The high court voted 6-3, with Justices William J. Brennan, Thurgood Marshall and John Paul Stevens dissenting, that the law can prohibit obscene messages, which are not protected by the First Amendment guarantee of free speech.
But there was unanimous agreement that the First Amendment does not permit a ban on all indecent dial-a-porn messages.
Neither the 1988 law nor the court yesterday spelled out the difference between "obscene" and "indecent" communications.
Under an earlier Supreme Court definition, speech is obscene if, applying contemporary community standards, it appeals to "prurient interest," contains "patently offensive" sexual conduct, and has "no serious literary, artistic, political or scientific value."

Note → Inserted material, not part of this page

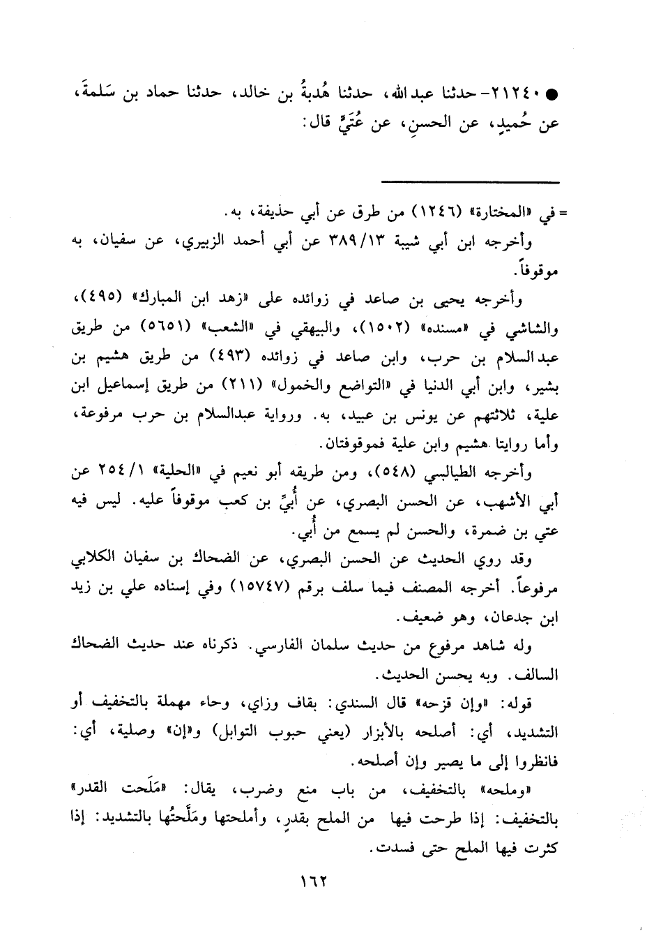 • ٢١٢٤٠ - حَدَّثَنَا عَبْدُ اللهِ، حَدَّثَنَا هُدْبَةُ بْنُ خَالِدٍ، حَدَّثَنَا حَمَّادُ بْنُ سَلَمَةَ، عَنْ حُمَيْدٍ، عَنْ الْحَسَنِ، عَنْ عُتَيٍّ، قَالَ:

In a 1978 case, the court said, "The normal definition of 'indecent' merely refers to nonconformance with accepted standards of morality."

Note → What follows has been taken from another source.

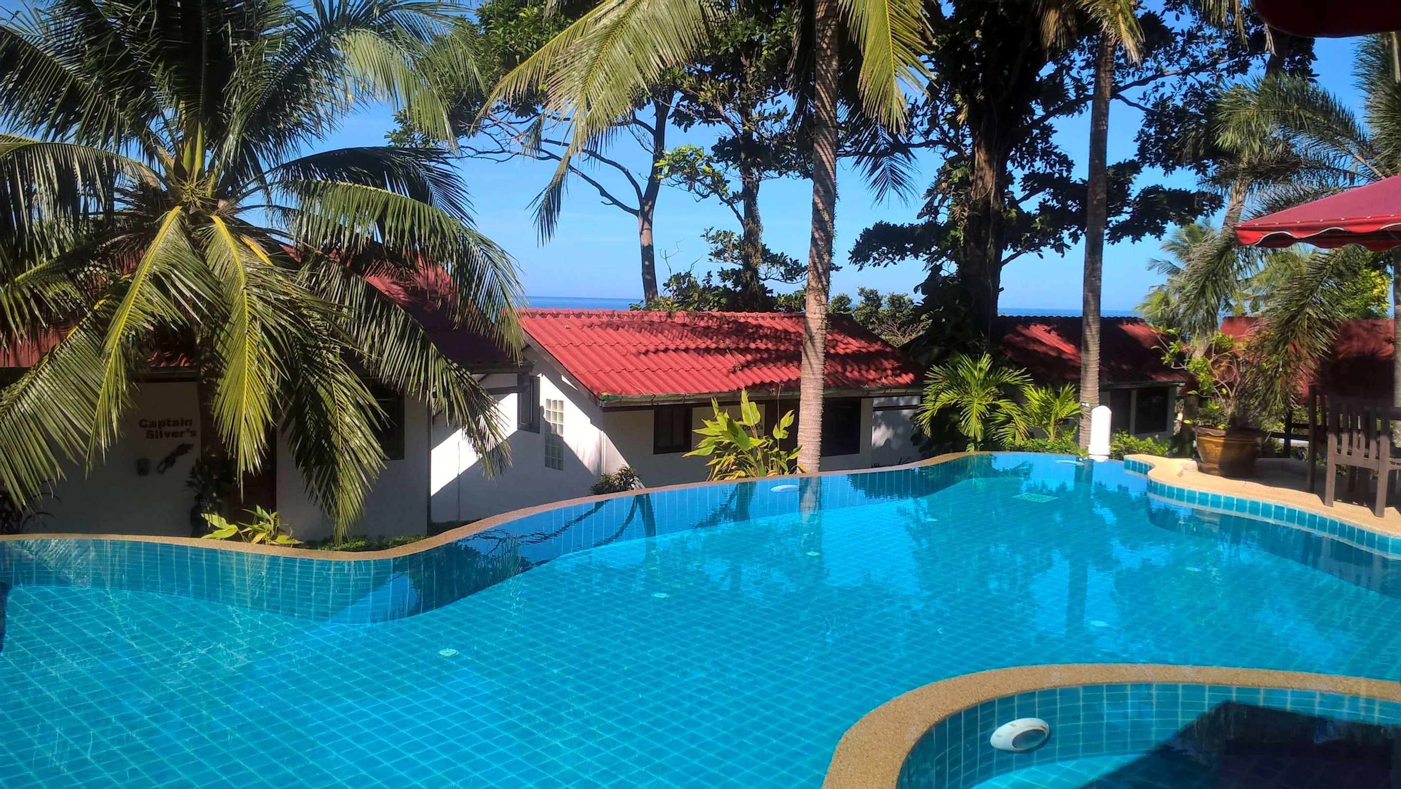 Blick vom Pool auf die Meerblickbungalows

Harvard constitutional scholar Laurence Tribe said that "indecent" speech is "vastly broader" than "obscene" expression. "The language of indecent speech might be merely suggestive, not necessarily sexually explicit, like passages in racy, romantic novels or R-rated movies," he said.
Tribe, who argued the Supreme Court case on behalf of Sable Communications of California Inc., a dial-a-porn company, said he found it "encouraging and important that all nine justices say that parents should be relied on to take care of their children rather than to have government play Big Brother."
But the court ruling infuriated many conservatives, such as Rep. Thomas J. Briley (R., Va.), who co-authored the dial-a-porn ban with Sen. Jesse Helms (R., N.C).
"I'm not surprised that the same court that has ruled it legal to desecrate the United States flag would also allow indecency to be transmitted over the telephone," Briley said.
"The Supreme Court might think such indecent sexual messages are protected by the First Amendment, but I guarantee that every parent in this country does not."
The justices said Congress has the legal authority to protect children from dial-a-porn, which has ranged in degrees of offensiveness from sophomoric sexual puns and salacious groans to graphic descriptions of a woman having sex with a dog.
Congress made several unsuccessful efforts to solve the problem, finally concluding that only a total ban would protect children adequately.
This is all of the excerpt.